At issue was No. 6 heating oil seeping from a stream into the lake. The oil has been buried in sediment and possibly bedrock for years, leakage from the former Carleton Mill on Main Street. It has created problems in the past.
Two years ago, beginning in April 2005, the DEP and other crews spent three months digging out the oil leaking into Mill Stream from beneath an old boiler room at the defunct mill. They tore up the tank and the pipes that were leaking the oil. They set up booms to trap the oil, tore up buildings and hunted the noxious substance in various nooks and crannies. At the time, it was one of the biggest cleanup operations ever in state history.
“We thought we had it,” Blanchard said, standing next to Lake Annabessacook as a new rescue and cleanup effort was under way.
Heavy rains earlier this month as well as melting snow caused a surge of water from Mill Street to the lake.
“When that rush of water comes through, it hydraulically pushed the oil out,” Blanchard said.

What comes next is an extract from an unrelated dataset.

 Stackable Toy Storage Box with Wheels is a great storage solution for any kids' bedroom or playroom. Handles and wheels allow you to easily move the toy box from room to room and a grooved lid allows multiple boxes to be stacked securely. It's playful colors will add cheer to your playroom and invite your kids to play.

It was not clear just how much oil had seeped into the lake this time. A neighbor reported dark, glimmering spots on the water over the weekend and the environmental groups got right to work. They put more than a thousand feet of absorbent and containment booms in the water, cleaned up oil-contaminated debris from the shoreline, and prepared to return to the lake over the next week. The operation involves a crew of a dozen from the DEP and from other agencies contracted to help with the cleaning.

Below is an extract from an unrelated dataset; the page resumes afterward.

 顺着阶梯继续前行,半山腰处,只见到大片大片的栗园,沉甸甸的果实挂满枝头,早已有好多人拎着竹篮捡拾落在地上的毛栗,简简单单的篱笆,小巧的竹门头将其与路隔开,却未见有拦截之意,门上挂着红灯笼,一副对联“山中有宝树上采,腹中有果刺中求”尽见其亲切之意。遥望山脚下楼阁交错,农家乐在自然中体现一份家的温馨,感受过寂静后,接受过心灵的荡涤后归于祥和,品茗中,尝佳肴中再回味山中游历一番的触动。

“The guys have worked really hard on this,” Blanchard said. “They’ve done a great job.”
Besides the dead muskrat and turtles, there is evidence of others that have come in contact with the oil. There were loons and blue herons with dark, oily patches on them moving in and around their lake home.
“We could see the oil on them, but they were still taking off or swimming away,” Blanchard said. “They didn’t want anything to do with us.”

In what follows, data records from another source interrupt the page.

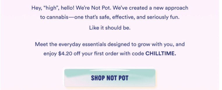 CBD companies like Not Pot have a mission that differentiates them from others. Highlighting the story influences your one reader to purchase because you’re a brand that aligns with their values.
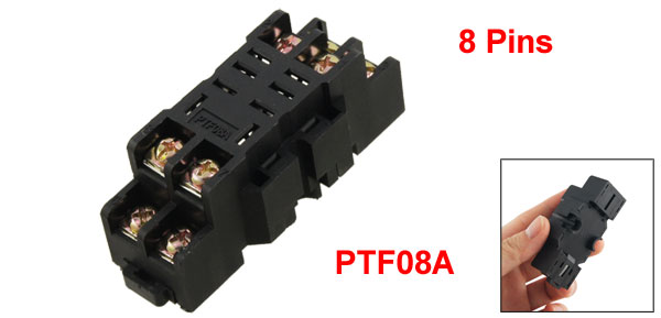 Product Name Relay Socket Base Model PTF08A Pin Number 8 Total Size (Approx.) 71 x 29 x 27mm/2.8" x 1.1" x 1.1“ (L*W*T) Main Color Black Material Plastic Weight 43g Package Content 1 x Relay Socket Base - Reviews
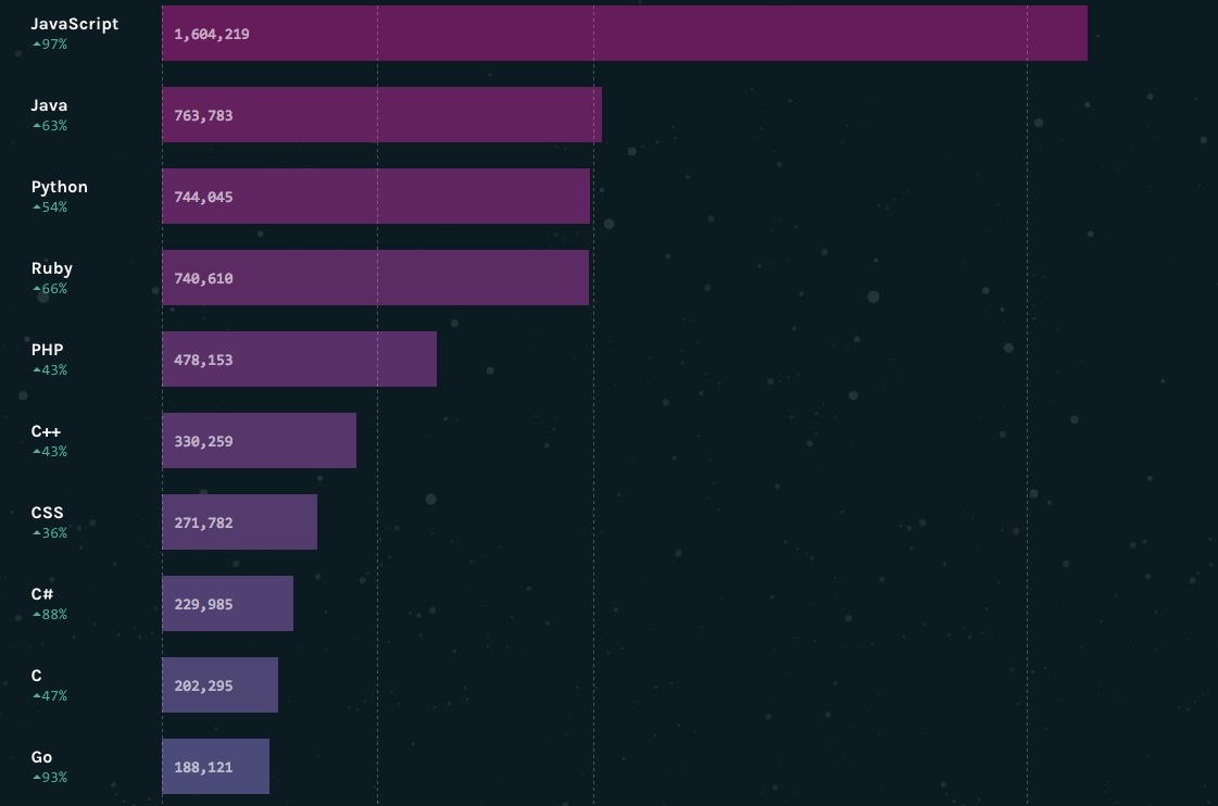 上图是 GitHub 根据过去 12 月提交的 PR 数量来排名的,虽然不完全准确,但是 PR 起码代表了项目的热度与欢迎度。JavaScript高居榜首。

The worst of the oil had been cleaned up and further problems were not expected. But with oil still trapped in sediment and possibly in the bedrock beneath Mill Stream, Blanchard said his crews would continue to search around Carleton Mill, which was the source of leaks in the 1960s, three times in 1990 and again in 1993.
Carleton Mill is a cluster of brick buildings on Main Street in Winthrop’s downtown. It is mostly office space utilized by the town commerce center, and it’s surrounded by other businesses. There’s an auto garage and a sandwich shop across the street and the post office next door.
The mill closed in 2001, yet the oil leaked in 2005 and now, 2007.
Meanwhile, the Maine Department of Inland Fisheries and Wildlife was called in to assess the impact on the local animal population and the flora around the lake. A game warden took away more than a half dozen turtles that had survived oil contamination. By late Thursday, no more dead animals had surfaced. Blanchard said the crews would be back next week to search for more of the elusive, buried oil.
“We’re going to redouble our efforts,” Blanchard said. “We’ll do everything we can to keep it from happening again.”